The binding efficiency of anti‐S1 and anti‐S2 IgGs towards m‐S protein. (A) Flow cytometry showing that anti‐S1 and anti‐S2 IgGs specifically bind to m‐S protein on AD293 cells. The shaded peaks represent the background signal, i.e. cells without IgG incubation, and the non‐shaded peaks represent cells incubated with 0.8 (upper panel) or 3.2 (lower panel) mg/ml of anti‐N, anti‐S1 and anti‐S2 IgG as indicated. (B) Anti‐S1 IgG binds more efficiently to m‐S protein than anti‐S2 IgG does. The error bars represent the SD of the triplicates. (C) The results of the serial antibody binding and depleting assay. The upper and lower panels show the decrement of MFI and percentage of remaining IgG after each round of depletion, respectively.
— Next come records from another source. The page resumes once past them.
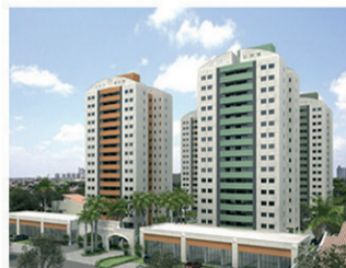
SUN HAPPY Torre C 93% vendido
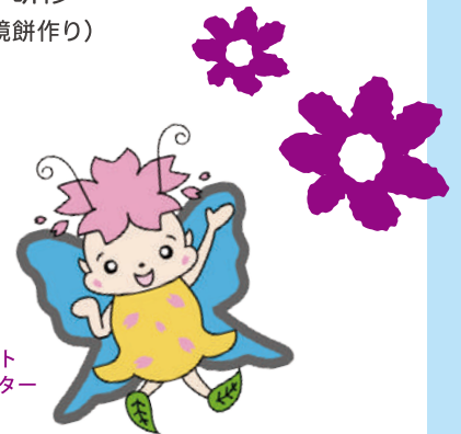
一真会 マスコット キャラクター 花シス
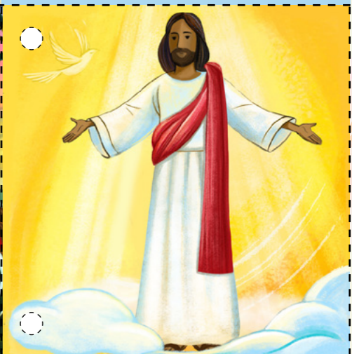
8. Հիսուսը հայտնվեց Իր աշակերտներին: Երանք շոշափեցին Երուսաղեմը հարություն առած մարմնիկը: Նա պատվիրեց կրանց, որ բոլորին ուսուցանեն Իր ավետարանը: Հիսուս Քրիստոսը կրկին հարություն առավ, մենք կույանա հարություն կառնենք: (Տես Դուկաս 24.36-43, Մատթեոս 28.16-20)
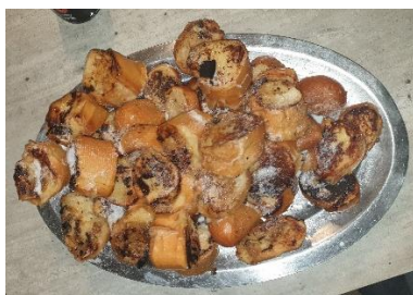
Le pain perdu de Shanel
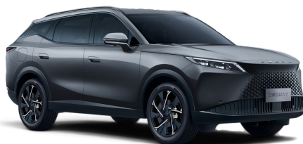
Matte Gray 30 000 Kč
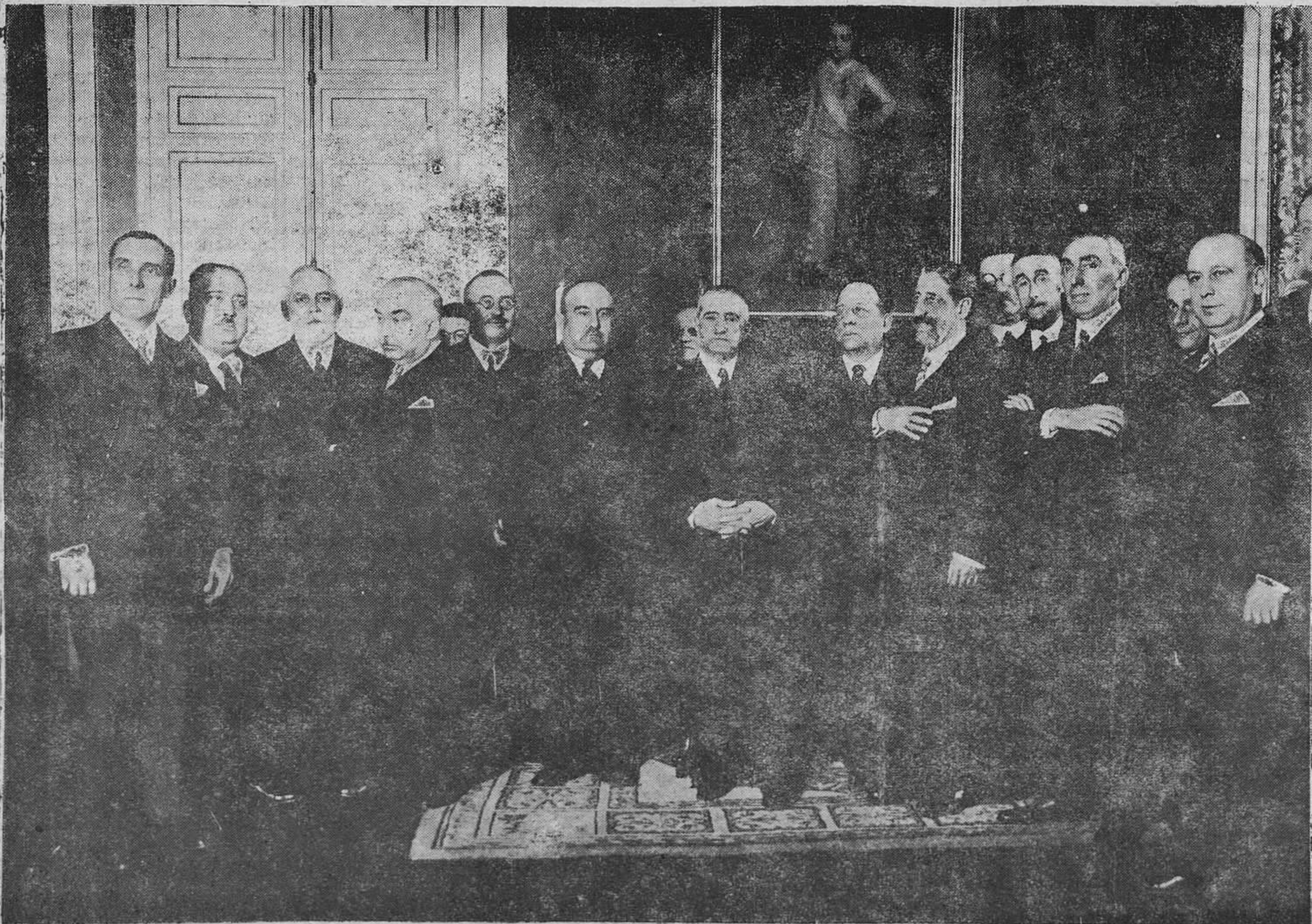
El almirante Aznar con los nuevos Gobernadores civiles que se encuentran actualmente en Madrid, a los que ha recibido en el palacio de la Presidencia
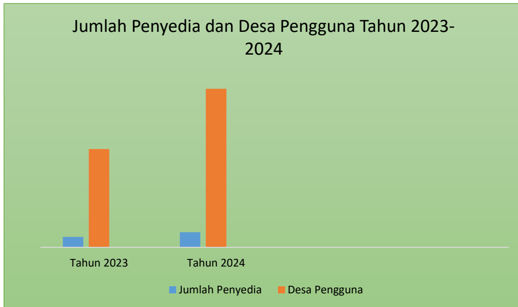
Grafik 1. Jumlah Penyedia dan Desa Pengguna Tahun 2023-2024
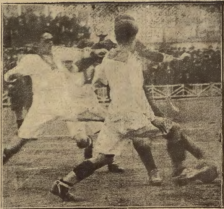
DEL PARTIDO DE FUTBOL DE ANTEAYER.—UNA «MELEE» EN LA PORTERÍA DEL PATRIA ARAGON.
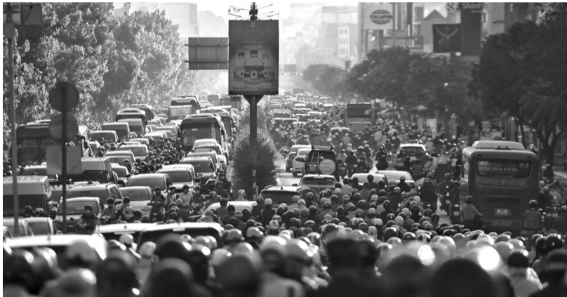
● Một cảnh ùn tắc giao thông tại TP HCM sáng 13/1/2025.

Với trường hợp "phạt nguội", lực lượng chức năng sẽ cho người vi phạm xem lại clip diễn biến của vi phạm vượt đèn đỏ trước khi lập biên bản.
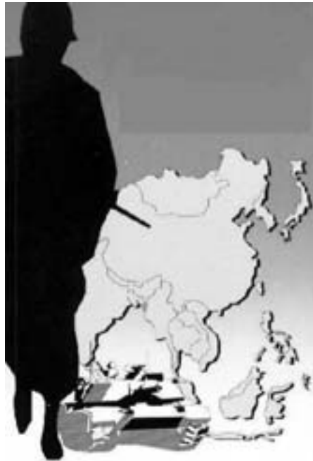
Oprustning, sociale nedskæringer - og krig mod de arbejdende. Bush's og Fogh's recept for krisen.

Privatforbruget var svagt i de sidste to måneder af år 2002. Julehandelen kunne ikke opveje et samlet fald i detailomsætningen på 2,3 pct. Oveni
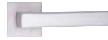
PD12, krom mat
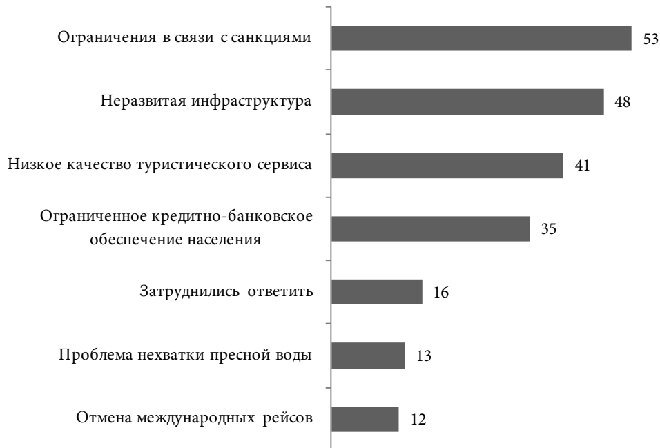
Рис. 2. Распределение ответов на вопрос: «Какие социально-экономические проблемы Крыма требуют повышенного внимания федеральных властей?», %

Отвечая на вопрос о том, какие социально-экономические проблемы Крыма требуют повышенного внимания федеральных властей (многовариантный выбор), россияне выделили такие проблемы, как неразвитость инфраструктуры, низкое качество туристического сервиса, проблемы кредитно-банковского обслуживания населения, нехватка пресной воды и невозможность воспользоваться прямыми международными рейсами (см. рис. 2). Ряд этих проблем напрямую связан с санкционным давлением, преодоление которого также отмечалось респондентами как задача для федерального правительства.
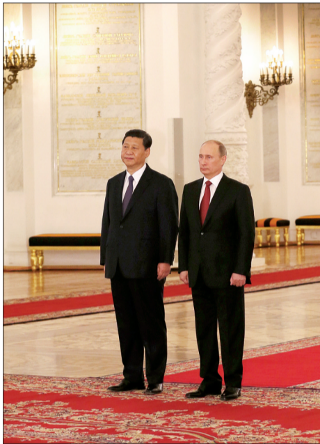
习近平出席俄罗斯总统普京举行的欢迎仪式

2013年,我们影响世界,世界影响我们;我们感谢世界,世界感谢我们。 2013年,我们欣喜地看到,中国与世界的接触进一步加强,在国际事务中,中国的大国地位逐渐凸显,正在发挥着越来越显著的作用。 科技的发展使地球变成一个村庄,使这个村庄变得更美更新,世界期待中国的参与,这一切都要求我们的国力更强,对国际形势的判断更准,更加坚定不移地走独立自主、和平共处、共同发展的外交之路。 2014年,我们期待中国更美、世界更美!
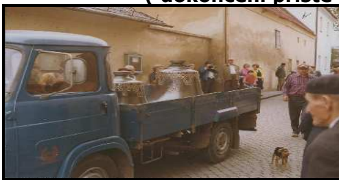
Nové zvony přijely do Fryštáku Se zvonařkou Dytrychovou

Each data point represents the average value of three triplicates.

Figure 4

Abolition of receptor binding by anti‐S1 and anti‐S2 IgGs in cell‐based receptor binding assay. (A) The abolition of receptor binding by anti‐S1 and anti‐S2 IgGs is specific. Ligand cells, i.e. AD293‐S/GFP, incubated with anti‐S1 and anti‐S2 IgGs showed a substantially smaller number of bound cells (green fluorescent spots) when compared with those incubated with anti‐N IgG or no IgG incubation. The images shown are representative views (magnification of 100×) of each treatment as indicated. (B) Abolition of receptor binding of different types of ligand cells by anti‐S2 IgGs. The significance of differences between the numbers of bound cells of the control IgG, i.e. anti‐N IgG, and anti‐S1 or anti‐S2 IgG is represented by asterisks (P < 0.01, ∗∗ or P < 0.05, ∗). The results are presented in average of the triplicates with S.D. The types of ligand cells used are indicated at the top of each data group. (C) The blocking efficiency of anti‐S1 IgG is higher than that of anti‐S2 IgG under the same concentrations tested. Each data point represents the average value of three replicates. The x‐axis, i.e. IgG concentration, is presented in logarithmic scale.

Figure 5

The role of S2‐Ept in virus neutralization. (A) Identification of S2‐Ept peptide using Western blot. (B) The neutralizing titer of S2‐Ept depleted anti‐S2 IgG is lower than the mock depleted anti‐S2 IgG (0 mg/ml). The results were presented as the average of geometric mean of neutralizing titer of three replicates and the error bar represents its SD. The statistical significance of differences between the geometric mean of neutralizing titer of dep‐anti‐S2 IgG and mock depleted anti‐S2 IgG is represented by an asterisk (P < 0.05, ∗). It is noted that no significant decrease of neutralizing titer was observed between dep‐anti‐S1 IgG and mock depleted anti‐S1 IgG (data not shown).